劇中では街の狭間でそれぞれに固有の懊悩を抱える人々の姿が描き出されるが、彼らの苦悩もまたありふれたものに過ぎない。チェンの彼女は不幸な己の感傷を並べ立てる彼に向かって「そんなのは誰だって同じ」と言い放つ。
自己否定や自己憐憫は、自分を素直に肯定できなくなってしまった者が自他の境界を策定するために用いる苦肉の策だ。だがそれさえもがありふれたものだという。苦しみは兌換紙幣で、俺の苦しみはお前の苦しみだ。ゆえに俺とお前は同じ人間。とすれば「俺」なるものも「お前」なるものも存在しない。じゃあ俺が生きてる意味って何?
(そんなものは、無い。)
何もかもが意味を成さない絶対的な虚無世界。そこから抜け出せるかもしれない唯一の手段は死ぬことだ。死後の世界もまた虚無だとしても、生きながら虚無を感じ続けるよりは遥かにマシだ。死は救済。死ねば楽になる。

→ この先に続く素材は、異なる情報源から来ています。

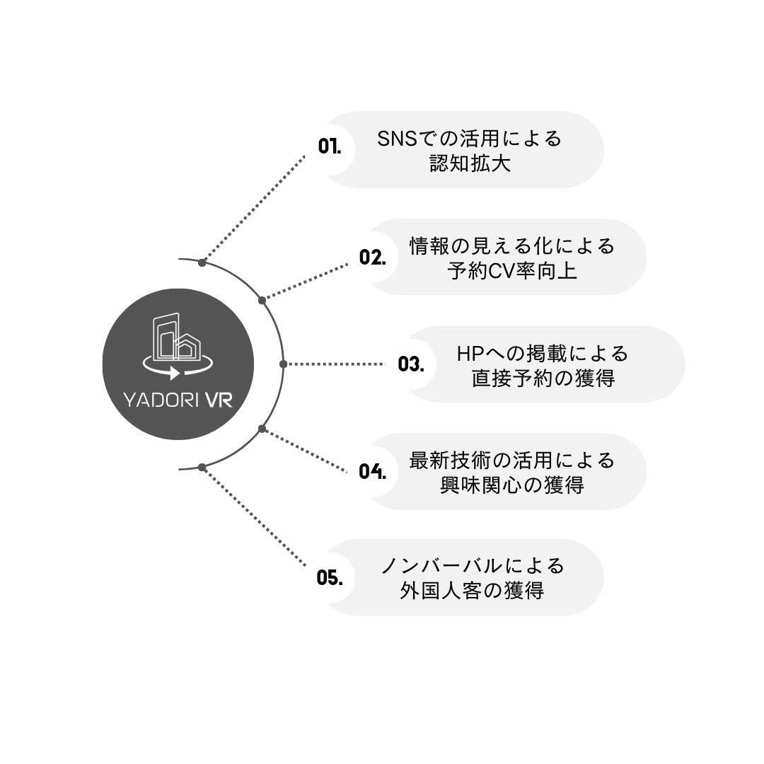 360°見ることのできる映像を宿泊施設のHPやSNSで公開することにより、下記のような「消費者により選ばれるための仕組みづくり」をサポートします。
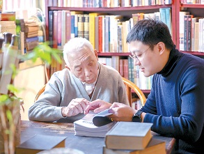 崔勇和老读者商量图书出版事宜。(潘之望 摄)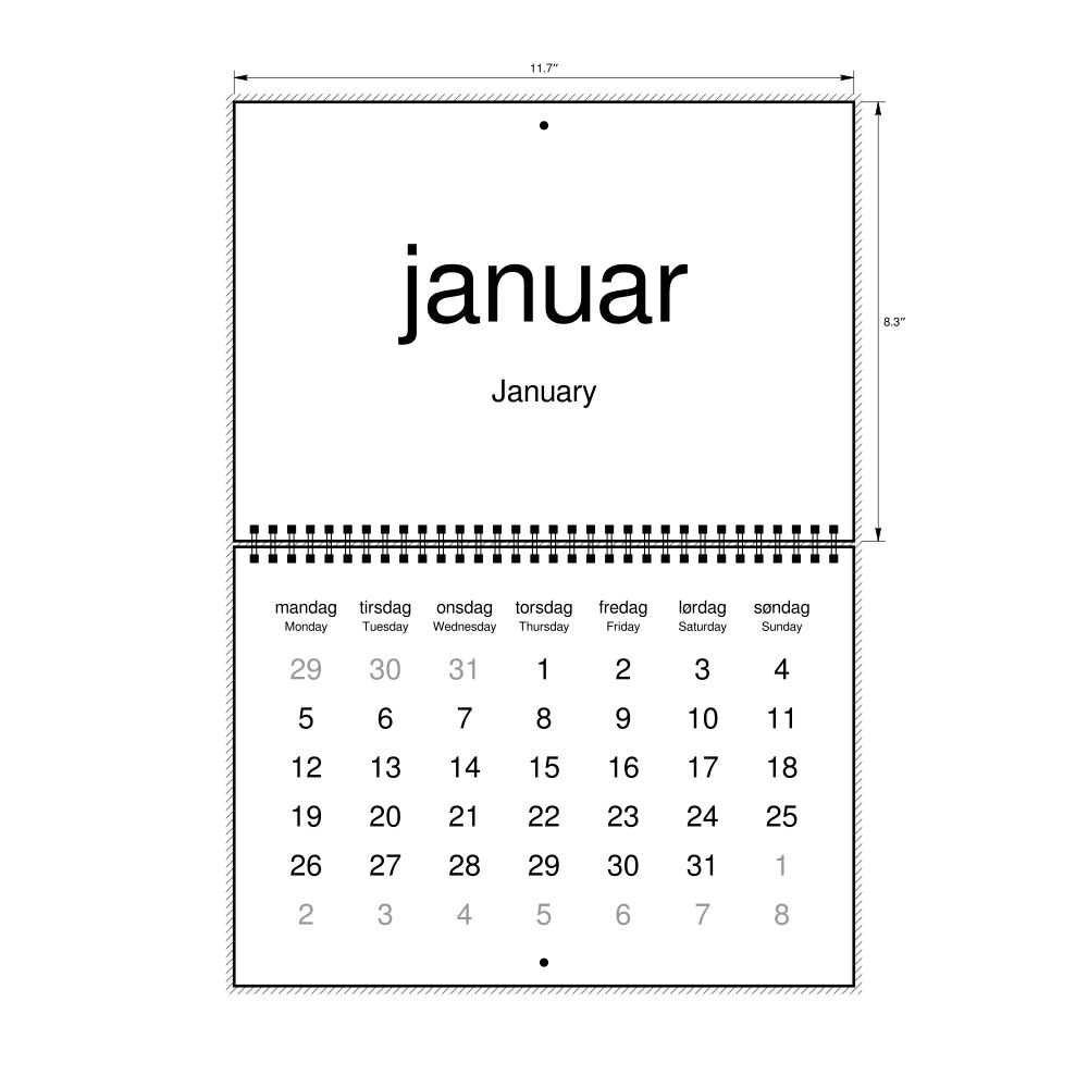 2026 Wall CalendarNorwegian/English-Labeled, Monday-Start Layout, Wire-Bound, 11.7 x 8.3 in (29.7 x 21.0 cm)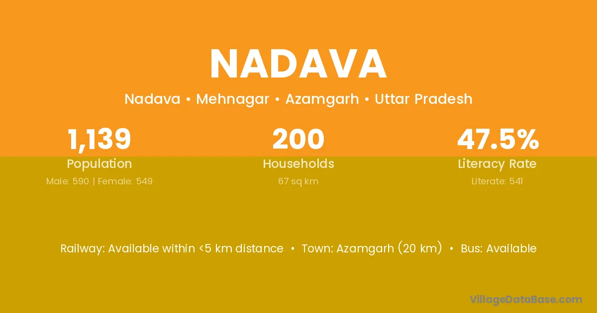 Azamgarh (20 km) is the nearest town to Nadava village for major economic activities and is located approximately 20 km away.
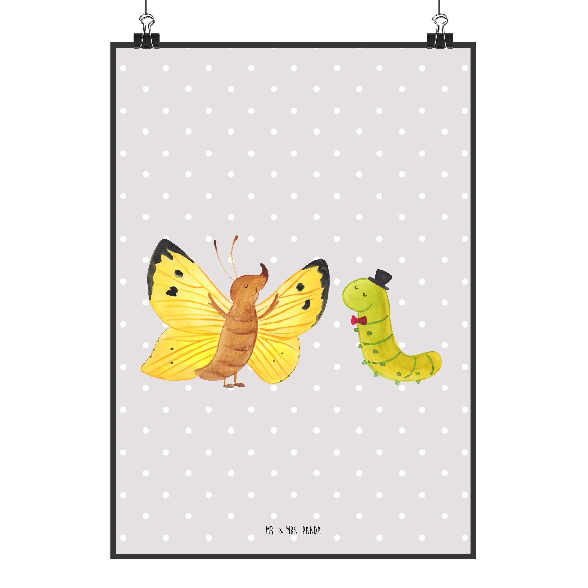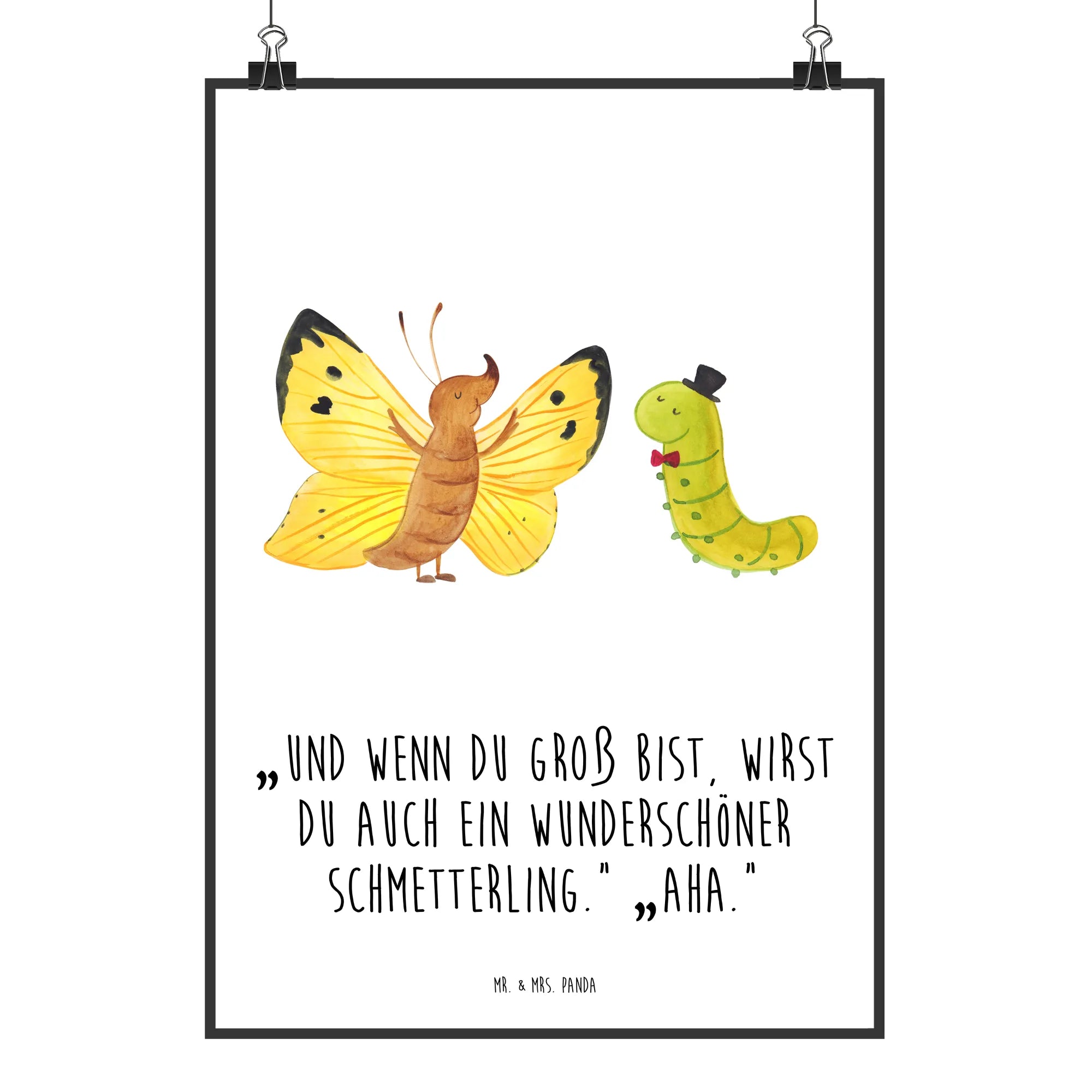 Poster Raupe Schmetterling - DIN A0 - mit Spruch - Weiß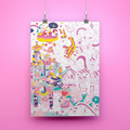 In a magical setting, rainbows, Lily, and her wonderful world come to life... For the first time, OMY's drawings are adorned with fluorescent pink. An artistic space without limits for coloring alone or with others, to spread out on the floor, hang on the wall, or use as a tablecloth.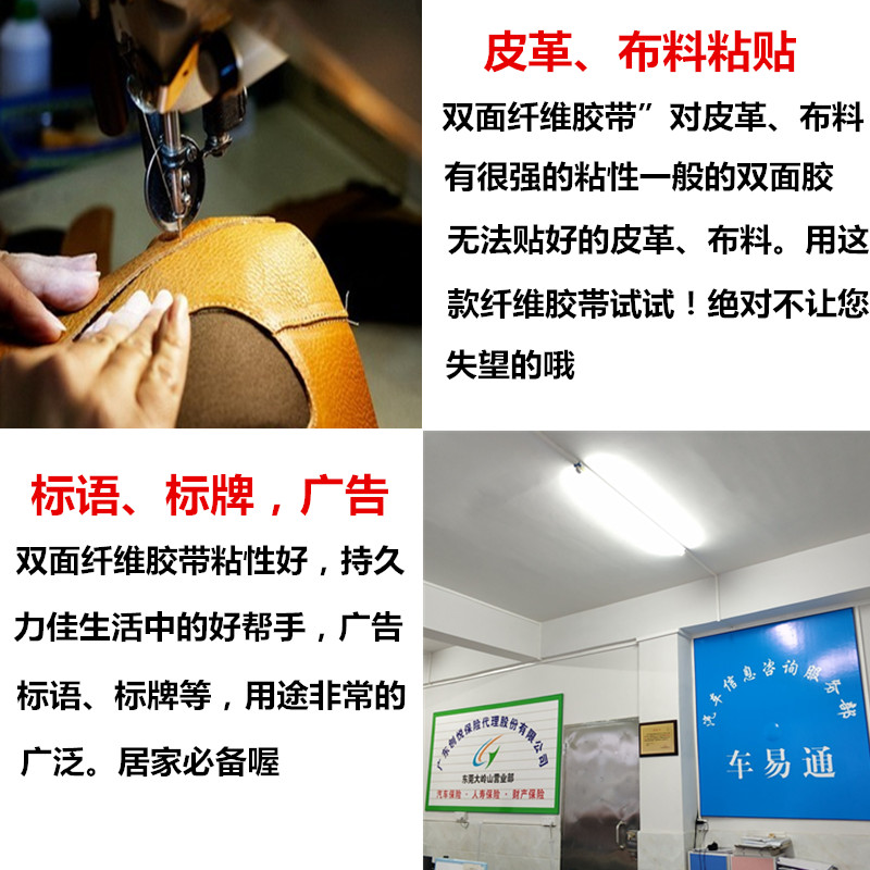 double-wire chemical fiber double-sided adhesive tape has high bonding strength for various pasted objects, and is combined with automobile industry, foam, textile, non-woven fabric, leather and so on.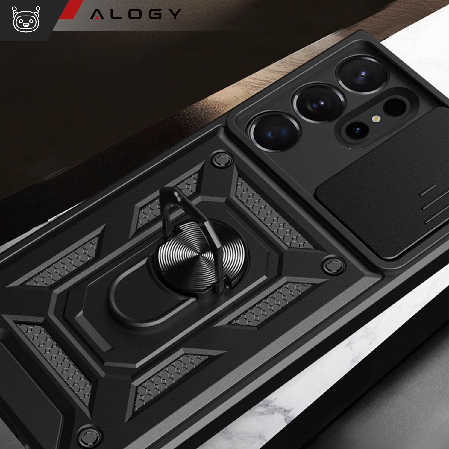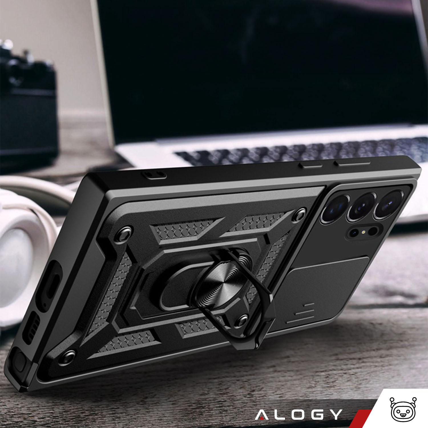 Original Hybrid-Hülle für Samsung Galaxy S24 Ultra aus der Alogy-Serie Camshield Ring Slide Case ist hoch gepanzert Fall, der auch in extremen Situationen funktioniert.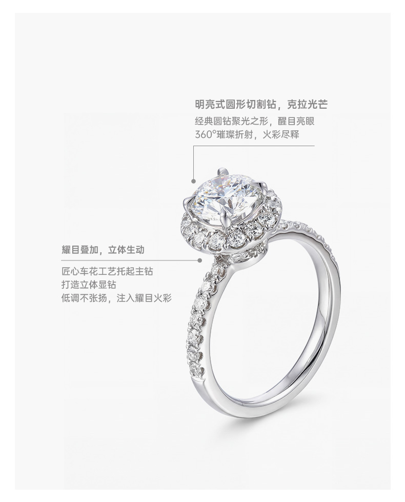 告白·Shining系列 ShiningHouse[培育] 18k金钻石戒指 圆形1克拉钻人工真钻人造钻石K金戒指设计感简约钻石戒指悦己送礼臻选【此商品不支持7天无理由退货退款】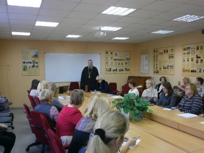 В семинаре далее приняли участие учителя школ города, которые делились опытом не только преподавания модуля ОПК, но и обращали внимание на проблемы, связанные с духовно-нравственным воспитанием: в частности, говорили о гражданском и патриотическом воспитании детей в младших классах образовательного учреждения, о практических аспектах патриотического воспитания в системе образования, о проектной деятельности как средстве воспитания патриотизма у обучающихся, о патриотическом воспитании на уроках английского языка и во внеурочной деятельности, о формах и методах работы с родителями по патриотическому воспитанию младших школьников, о созидательных традициях духовно-нравственного воспитания в системе гуманитарного образования.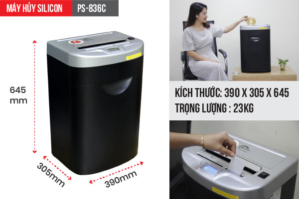 – Sản phẩm máy hủy tài liệu Silicon PS-836C sử dụng công nghệ hủy siêu vụn của Mỹ. Dùng để hủy bỏ nhiều tài liệu và giữ được an toàn bảo mật thông tin. Có thể hủy được giấy thông thường và hủy được CD, thẻ tín dụng.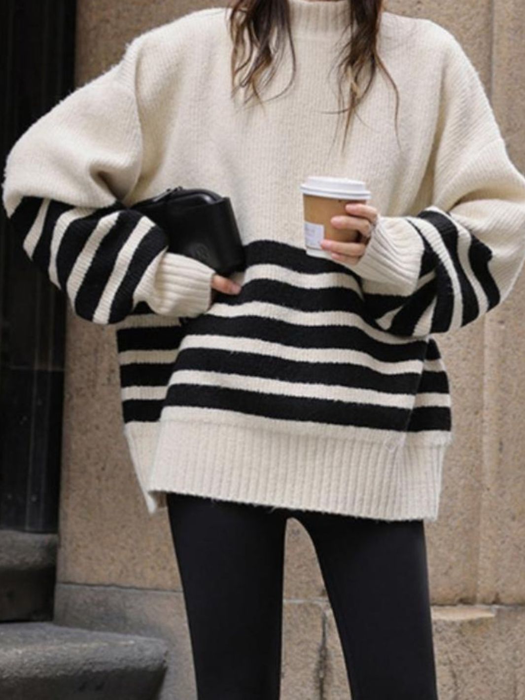 Damski sweter o luźnym kroju z długim rękawem i wyższym kołnierzem. Wzór w poziome pasy nadaje całości klasyczny charakter, a prosty fason pozwala na łączenie z różnymi elementami garderoby.

しかしその単純明快な悟りを受け入れられず、人々は迂回と遅延を重ねる。窓から外へ出て玄関に回り込んでみたり、怪しい切符転売人に付いていく途中で立ち止まってみたり。あるいは「俺の気持ちは誰にもわからない」と強がってみせたり。だが死の欲望は抗いがたく押し寄せる。誤射に脚を撃ち抜かれたチェンが苦悶のあわいに浮かべる笑顔。
生への転轍点を通り過ぎてしまった物語は、したがって死へと急速に直進する。ブーとリンとジンは夜行バスに乗って満州里の動物園を目指す。
満州里の動物園にいるという一日中座ったままの象。それは死のアレゴリーだ。4本の脚で3トンもの自重を支えている象は、一度座ると再び立ち上がるのに大変な労力を要する。老化や怪我で身体機能の落ちた象などは座ったが最後、二度と立ち上がれずにそのまま死んでしまうことも多いという。つまり一日中座ったままの象というのは、死期の迫った象であるといえる。
真っ暗な闇夜の中、バスを降りた乗客たちが象の鳴き声を耳にする。そこで映画は幕を閉じる。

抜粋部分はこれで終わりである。